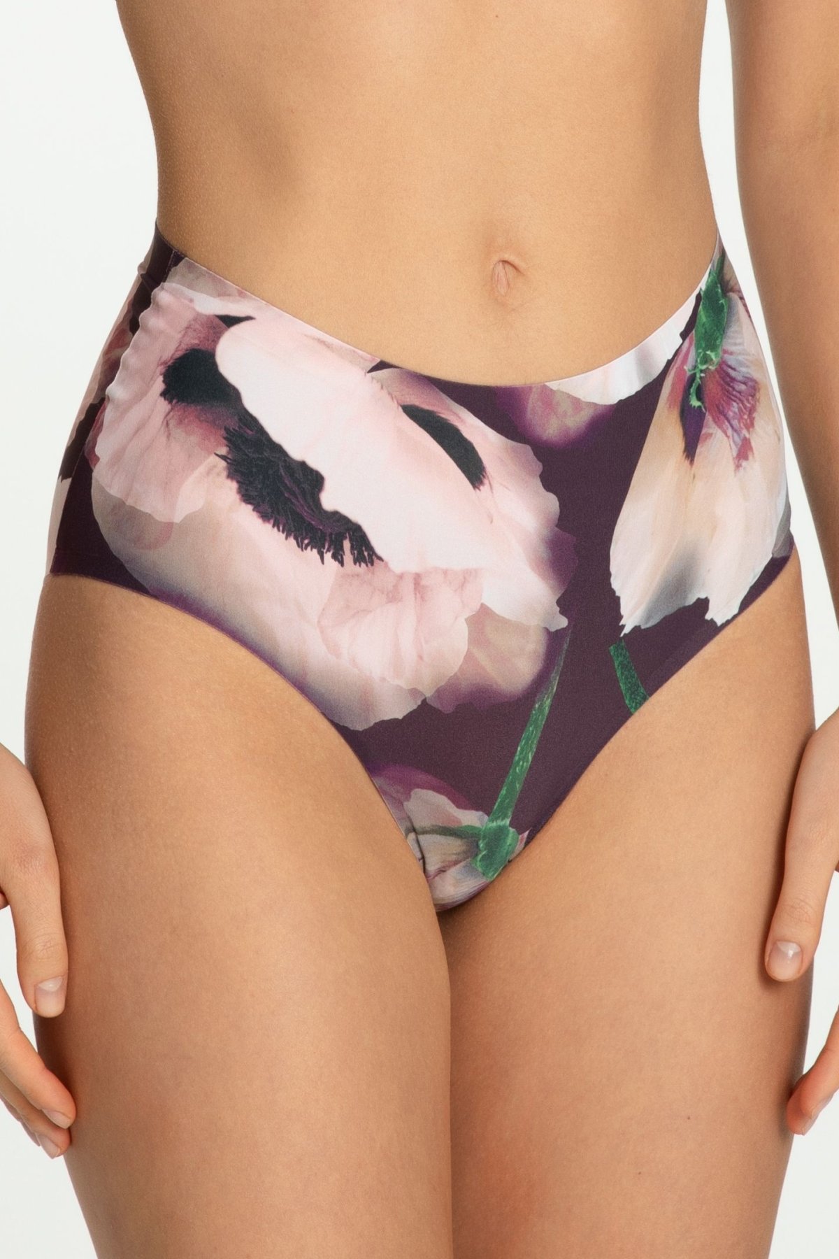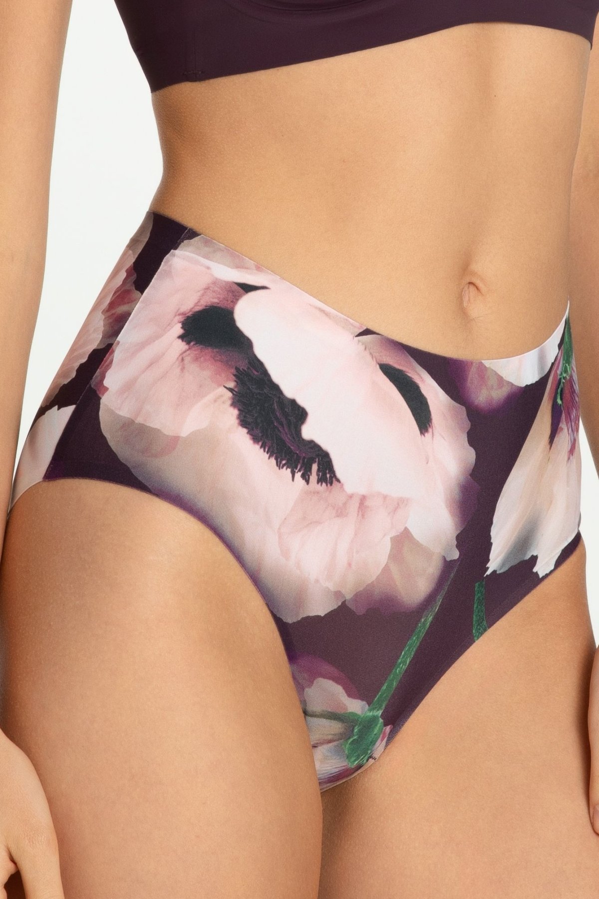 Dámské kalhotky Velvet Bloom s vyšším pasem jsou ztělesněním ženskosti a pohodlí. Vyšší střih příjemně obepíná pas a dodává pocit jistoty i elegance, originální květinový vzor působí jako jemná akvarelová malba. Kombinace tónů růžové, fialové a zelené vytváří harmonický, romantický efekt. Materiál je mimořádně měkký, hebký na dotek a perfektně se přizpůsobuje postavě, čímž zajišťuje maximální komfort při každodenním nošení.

==

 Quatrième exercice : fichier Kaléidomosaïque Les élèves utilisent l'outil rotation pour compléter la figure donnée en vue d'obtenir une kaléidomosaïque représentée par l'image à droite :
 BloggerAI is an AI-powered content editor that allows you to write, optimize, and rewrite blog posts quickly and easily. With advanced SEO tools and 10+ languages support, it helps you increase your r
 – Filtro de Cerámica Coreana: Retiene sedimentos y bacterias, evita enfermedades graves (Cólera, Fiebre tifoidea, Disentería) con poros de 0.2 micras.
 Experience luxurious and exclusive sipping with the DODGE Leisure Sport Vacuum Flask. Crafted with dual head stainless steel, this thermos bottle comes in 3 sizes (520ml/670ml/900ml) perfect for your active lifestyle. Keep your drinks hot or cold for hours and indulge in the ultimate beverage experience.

| WHAT TO WORK ON |
Scan the records for lines that hold "your", and reproduce each one you find.

| SOLUTION FOR THIS PROBLEM |
 BloggerAI is an AI-powered content editor that allows you to write, optimize, and rewrite blog posts quickly and easily. With advanced SEO tools and 10+ languages support, it helps you increase your r
 Experience luxurious and exclusive sipping with the DODGE Leisure Sport Vacuum Flask. Crafted with dual head stainless steel, this thermos bottle comes in 3 sizes (520ml/670ml/900ml) perfect for your active lifestyle. Keep your drinks hot or cold for hours and indulge in the ultimate beverage experience.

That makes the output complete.